I don’t know who I am. I look at my name and try to decide if I like it or not. It doesn’t refer to anything, least of all me. I can’t think of anything to replace it. I pause before adding pronouns to my emails. Who I am to decide that? I hate assumptions. Let them think what they want, I’m past caring, and don’t know, besides. What I do with what I have changes as the moon cycles through its phases, all I ever do is look at the same body with different eyes each time. Nothing is in retrograde — what can I blame now, if not myself? It must be Mercury. It’s always Mercury.
I don’t know who I am. I am all of my favourite songs from my mum’s iPod in early 2012 played in a particular order. I hate that I have a history. I feel sorry for those that don’t know what it’s like to listen to Dragon de Chimay en route to see family about which they haven’t yet found out dark secrets. I am eleven and saying goodbye to a friend who is emigrating to Australia. I fell out of touch with her. I still see her Instagram posts. The number of people I lost to the far side of the world is more than zero, and some of them can’t be reached anymore.

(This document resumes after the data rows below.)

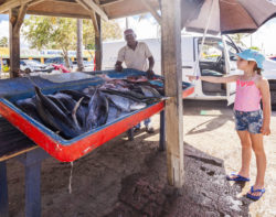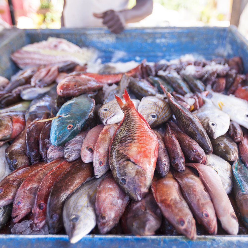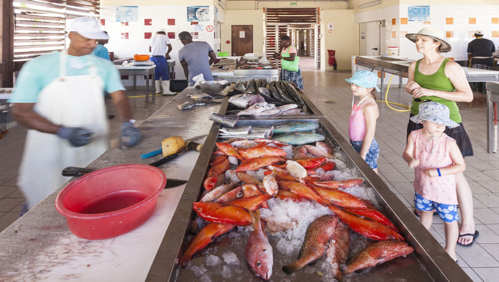 The fish markets in Sainte-Francois were a fun adventure on our way to Anse à la Gourde one morning. Each boat seemed to have its own stall on the wharf, where the fisherman would scale and clean their day’s catch. We saw everything from parrot fish through tuna, dorado and even a human-sized swordfish up for sale. I do want to just note two memorable foreign language experiences on day four… First was Lisa trying to get fancy with her French to order an iced latte at of one of cafes in Sainte-Francois: she ended up with a cold glass of milk. The second: much to my chagrin, “poulet roti” is actually not a Fijian-style roti filled with chicken, but is in fact a whole rotisserie chicken bagged up to take home. I thought I was getting a couple of chicken rotis for lunch, but instead ended up going home to make chicken sandwiches with two whole chickens!
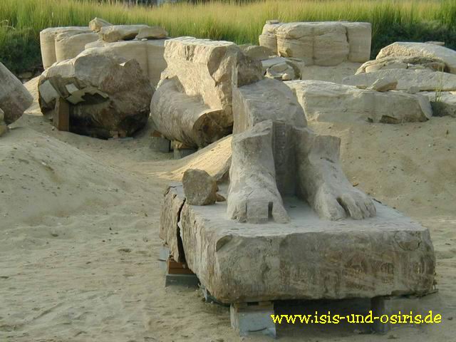Die Fragmente sind alle in geringer Tiefe bei den Grabungen gefunden worden. Der Tempel von Kom el-Hatan stand ja bei der alljährlichen Überflutung des Nils zumindest teilweise unter Wasser. Wenn sich die Fluten dann zurückzogen, erhoben sich der Tempel und die Statuen in einem symbolischen Akt der Wiedergeburt aus dem Wasser. Der Nil hinterließ dann aber auch den schützenden Nilschlamm der die Fragmente unter sich begrub.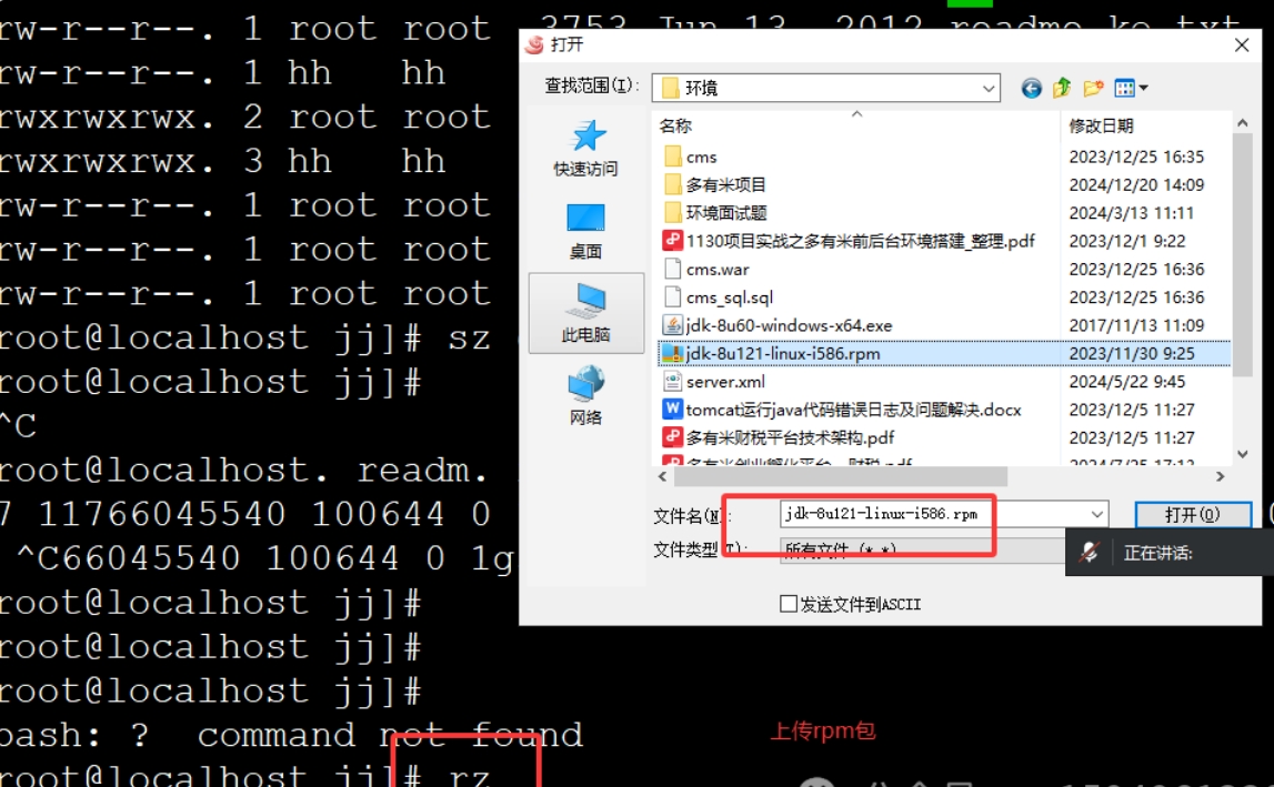 sz:将Linux资料下载到Windows当中(sz 名称,回车)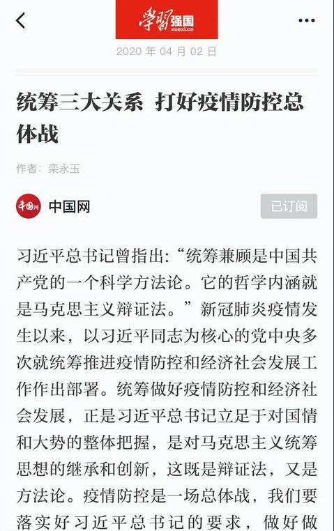 新闻网讯(通讯员 崔桢桢)4月2日,“中国网”和“学习强国”平台刊发我校党委书记栾永玉论疫情防控专题文章《统筹三大关系 打好疫情防控总体战》。现将全文转载如下:

I don’t know who I am. I wish I could introduce myself to my grandmother once more. What point is there in trying to find someone who would love me if I can’t give them anything concrete to love? My face changes with the days, my heart never satisfied. How harsh, then, to offer this to someone and ask them to accept it as it is? I have more reflections than those I see in the mirror. I do things my mother never did. I tell her about them and am more like her than I know. I hate the idea of love, because it feels like it only exists to be unfulfilled. I didn’t go to my primary school dance because I couldn’t wait to leave. I get so nostalgic I feel sick. I want to be in love.

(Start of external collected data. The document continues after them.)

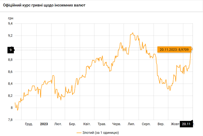 - 100 польских злотых – 897 грн. (8,97 за злотый, -2 коп.)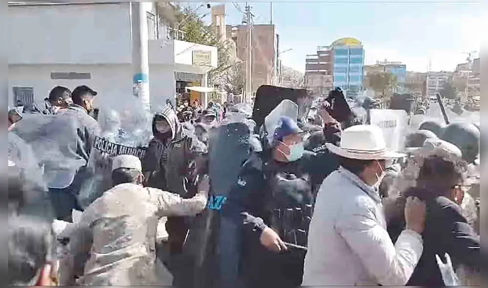 La tensión se agudizó cuando los militares, provistos de escudos, realizaron un cordón humano para impedir el paso de las autoridades de la municipalidad, pese a la exhortación de que se retiren. Ante la negativa, los serenos con apoyo de los vecinos desalojaron a empellones a los militares.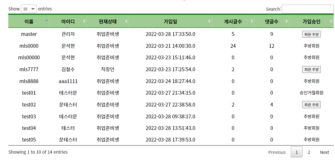 요기 위에 보이는 승인 거절회원 , 추방회원 가입 승인 이렇게 구분되어있다.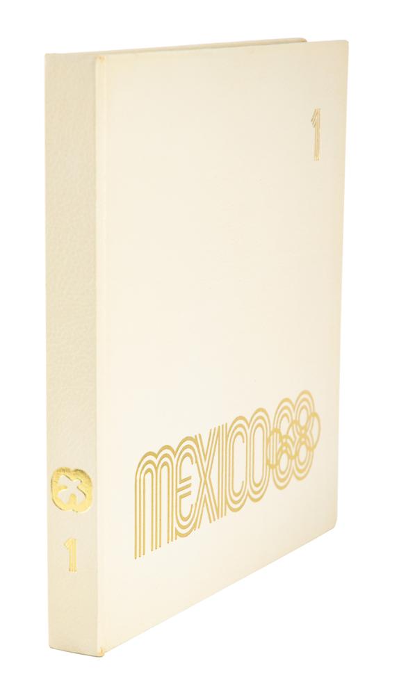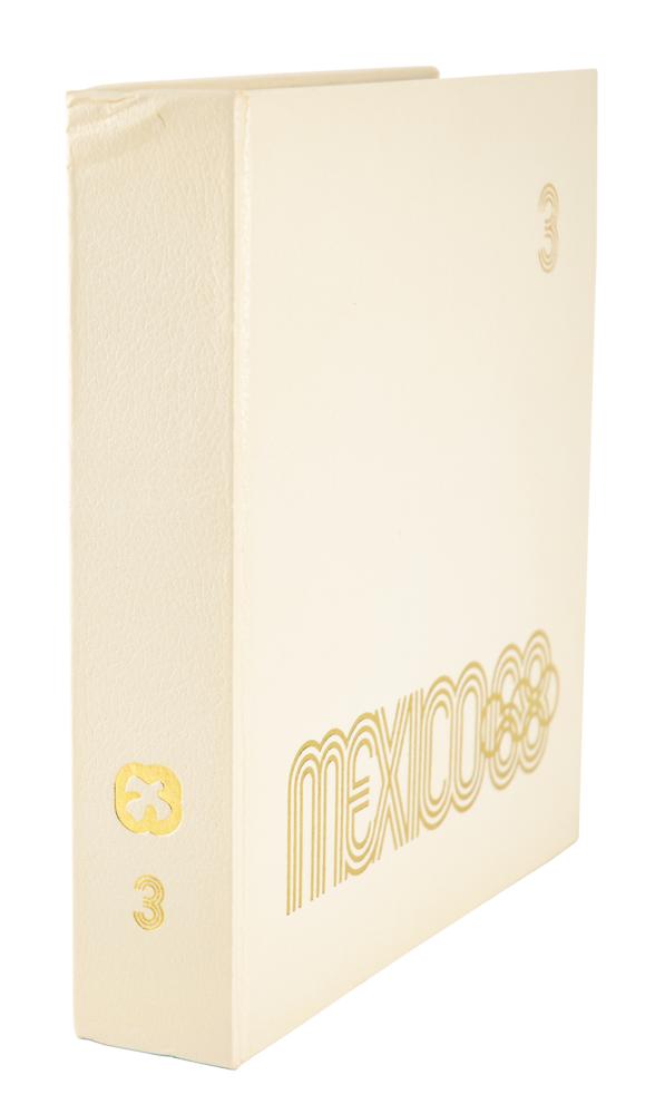 Rare four-volume set of books in English and French: Mexico 68: Official Report of the XIX Olympic Games, Volumes I-IV. Hardcovers bound in white leatherette with gilt titles, 11.75 x 11.75, totaling over 2300 pages. Each volume includes its original box; boxes for the second and fourth volumes are still sealed. In overall fine condition, with wear to the boxes.

I don’t know who I am. A laugh up to the sky, a smile cracked wide as an ocean. Directed at me, at myself, at whoever and whatever I am on that day. Don’t refer to me/I don’t know what to tell you, I don’t like any of them/use my name, hold it on your lips and say it like a prayer. I hate my name. It is all I have. All I have is this body that refuses to do as it’s told, stoically continuing to exist as it wishes, and I love it for that as much as it makes me weep. And I do weep. But the moments in which I glance upwards and see the rain, feel the water down my neck and the damp clothes I will have to dry in the morning. My feet hit the ground and it doesn’t matter who I am, all that matters is that I am. The lights change to let me cross the street all the same.
Today, I don’t know who I am. But I find traces in the past that sound like me, people that know me, and that means I can find myself tomorrow. I am there to be found.